I had a look around on youtube to see if anyone has done something similar. Which I found that quite a few have but they came to more or less the same conclusion as I did in which it’s not worth f**king about with. If you can find a UPS that has a 24V battery system you might get lucky. But they tend to be line interactive types that use an auto transformer which isn’t really safe to use reliably as a bench PSU. But again I don’t know why the manufacturer of this UPS uses a 12V battery but has a transformer with an output voltage of only 8V. I guess it’s to do with the ratio of the windings as a fully charged battery may put 12.8V into the transformer when inverting and this would result in the output AC voltage being too high. When used in ‘reverse’ a voltage boosting circuit must be employed. There again they could just alter the input windings. Who knows? But there’s sure as hell no way of finding out without a lot of reverse engineering which I can’t be arsed to do.

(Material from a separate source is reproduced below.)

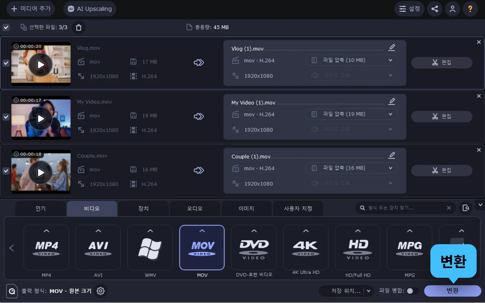 순서 3. MOV 파일 압축 및 다운로드

Finally experimenting with unknown transformers is dangerous and if you do not know what you are doing you could end up producing lethal voltages. Getting the primaries and secondaries the wrong way round could result in a few thousand volts being developed which will burn you / blow up your meter or blow you up. I would highly recommend you get a variac such as this thing below and gradually increase the voltage to the transformer carefully monitoring the output.

Cheap ebay variac

Anyway I wasted enough of my time on this thing and will send it for scrap. I even tried using it to blow some speakers and some small electronics components. There’s just not enough current available on the output to be able to do anything useful with. The most it could destroy was an LED. Even some 3 ohm speakers connected to it with an input voltage of 300V didn’t do anything.


One Reply to “Scrapping a crap UPS and trying to make a bench PSU from the transformer. (Waste of time)”

  1. Update on this article; I tried drawing more current from the transformer but the most I could get out of it was about an amp. Tried using it to blow some 15 watt 3 ohm speakers and it could not even manage that.